Obecnie są w testowaniu. Sprawdzamy ich jakość, wygodę oraz wytrzymałość. Testerką została Ania  i na razie idzie jej całkiem nieźle, a i spodnie wytrzymują -  więc to dobry znak.



Bałam się ogromnie, bo to pierwsze spodnie z dzianiny. Ba. To pierwsza rzecz jaką uszyłam z dzianiny. I jestem miło zaskoczona. Będę też nieskromna i powiem, że udały się. Przy okazji odkryłam więcej możliwości mojej maszyny do szycia. Mam ją tyle lat, a nawet nie wiedziałam jakie cuda potrafi.  Skoro debiut wypadł tak dobrze, to niedługo będą następne sztuki i to niekoniecznie spodni :)

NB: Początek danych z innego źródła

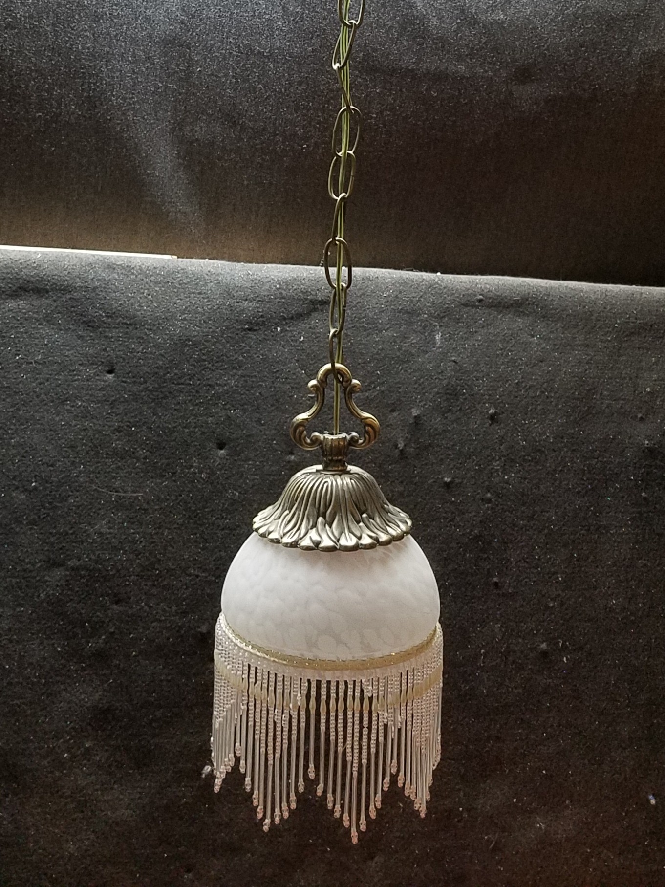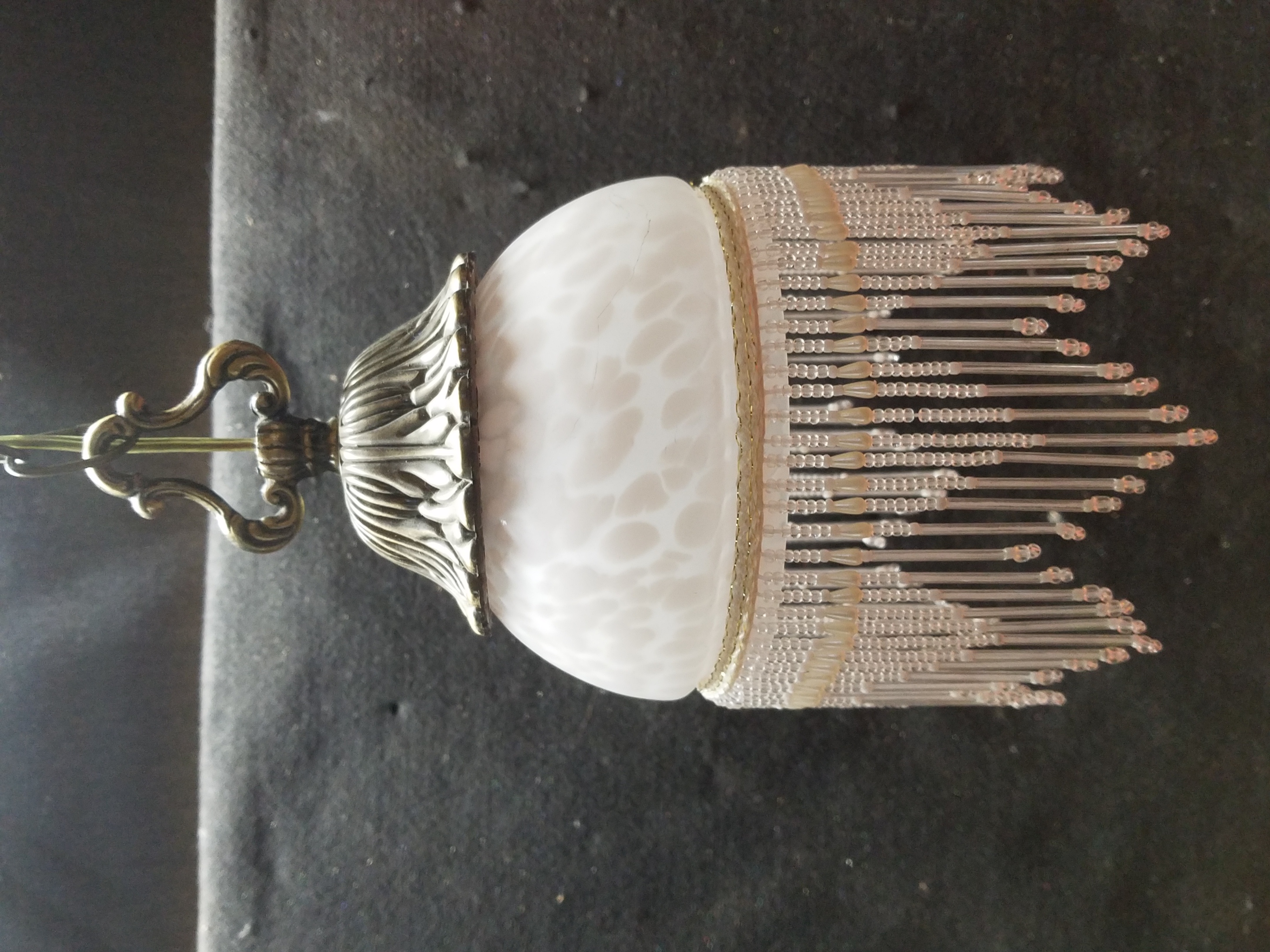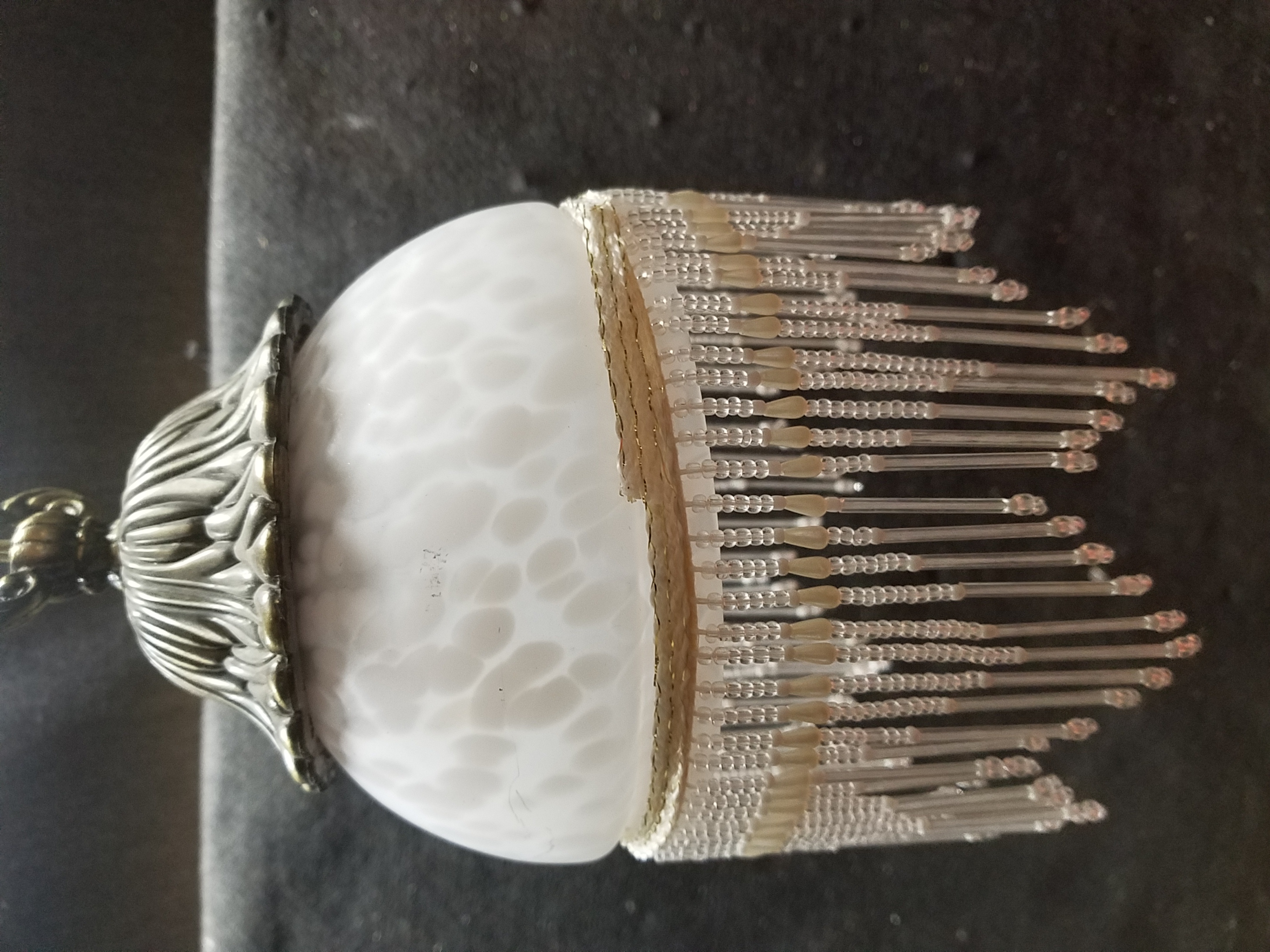 This light has steel fixture with an antique brass finish and styled with a creamy, opaque tortoiseshell shade rimmed with beaded fringe.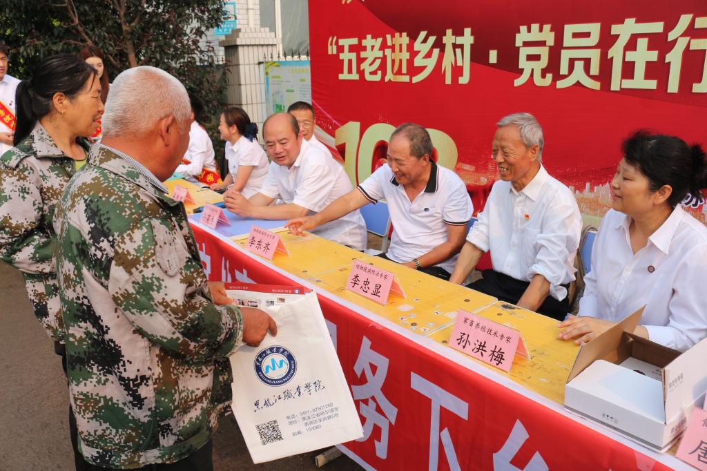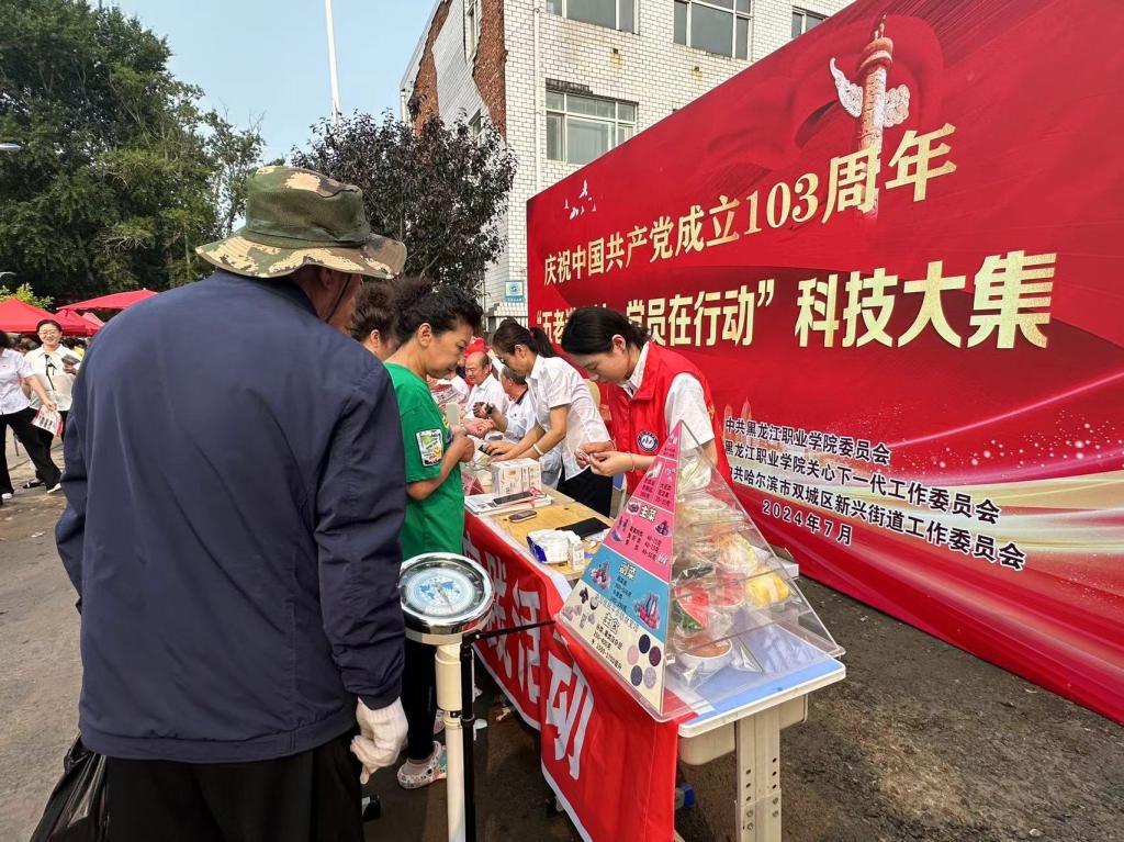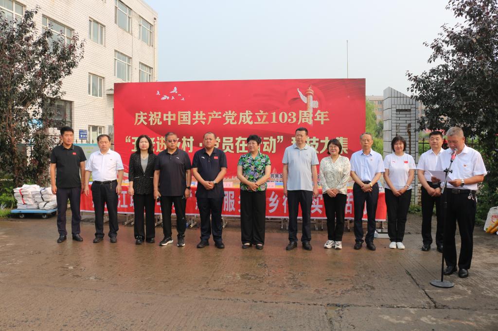 7月6日,黑龙江职业学院和双城区新兴街道党工委在双城区新民村共同举办庆祝建党103周年“五老进乡村·党员在行动”科技大集活动。学校党委书记崔治春,双城区政府副区长李彦鹏,学校党委委员、宣传统战部部长杨东辉,新兴街道党工委书记史敬轩、办事处主任刘楠出席活动,“龙职”工匠志愿服务团专家及30余名学生参加活动。学校关工委办公室主任张晓东主持开集仪式。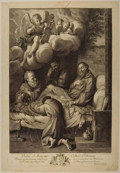 Curator: The stark contrast between light and shadow gives this print, François Chauveau's "Descent from the Cross", a dramatic flair. Look at the material reality of the scene, the timber, the cloth, the very tools of labor cast aside... Editor: Yes, and what a powerful, politically charged depiction of grief and sacrifice. The expressions alone convey centuries of oppression and resilience! Curator: The etching technique allows for such intricate detail, the way Chauveau conveys texture, the woven shroud, the rough-hewn cross. It shows the artistic labor and expertise in printmaking. Editor: Absolutely. And think about this imagery circulating— consider the social implications, the message of redemption broadcast to a wide audience, reinforcing dominant power structures, but also offering solace to the marginalized. Curator: These little cherubs at the base… their playful interaction with what seems to be the crown of thorns. It is really fascinating to see the interplay between innocence and suffering rendered in ink on paper. Editor: I'm struck by how the body of Christ is rendered so vulnerable, a clear commentary on power dynamics. Curator: A lot to unpack, really, for a single print. Editor: Indeed. This visual narrative resonates deeply across time.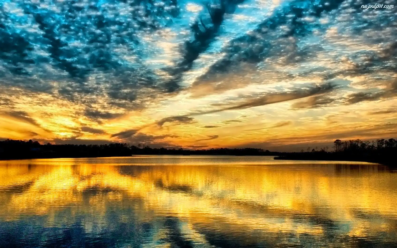 Jezioro, Chmury, Słońca, Zachód, Niebo Na Pulpit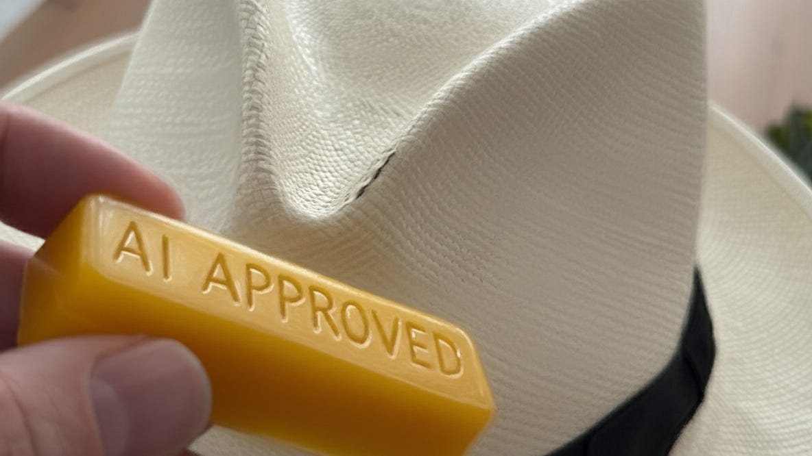 Whether Claude’s technique actually “worked” in any technical sense is, if I’m being honest, doubtful. But I will admit that I like the hat better now—slightly discolored, a little stiff around the “wound,” and storied in ways that resonate surprisingly deeply with my work.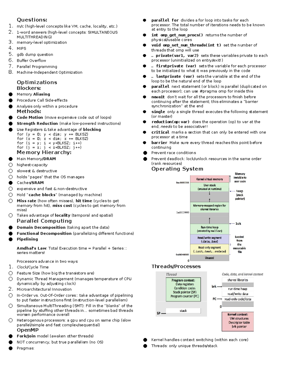 Final Exam Cheat Sheet: Concepts in Parallel Programming & Optimization ...

Jeśli spodnie Ci się spodobały  - to zapraszam. Chętnie uszyję takie dla Twojego dziecka. Te na zdjęciu to rozmiar 92, ale może być każdy inny.

2 komentarze:

  1. Boskie! Też się muszę przeprosić z maszyną, kiedyś sporo szyłam.

    OdpowiedzUsuń
  2. Tak, tak - piękne się uszyły :)

    OdpowiedzUsuń

Dziękuję :)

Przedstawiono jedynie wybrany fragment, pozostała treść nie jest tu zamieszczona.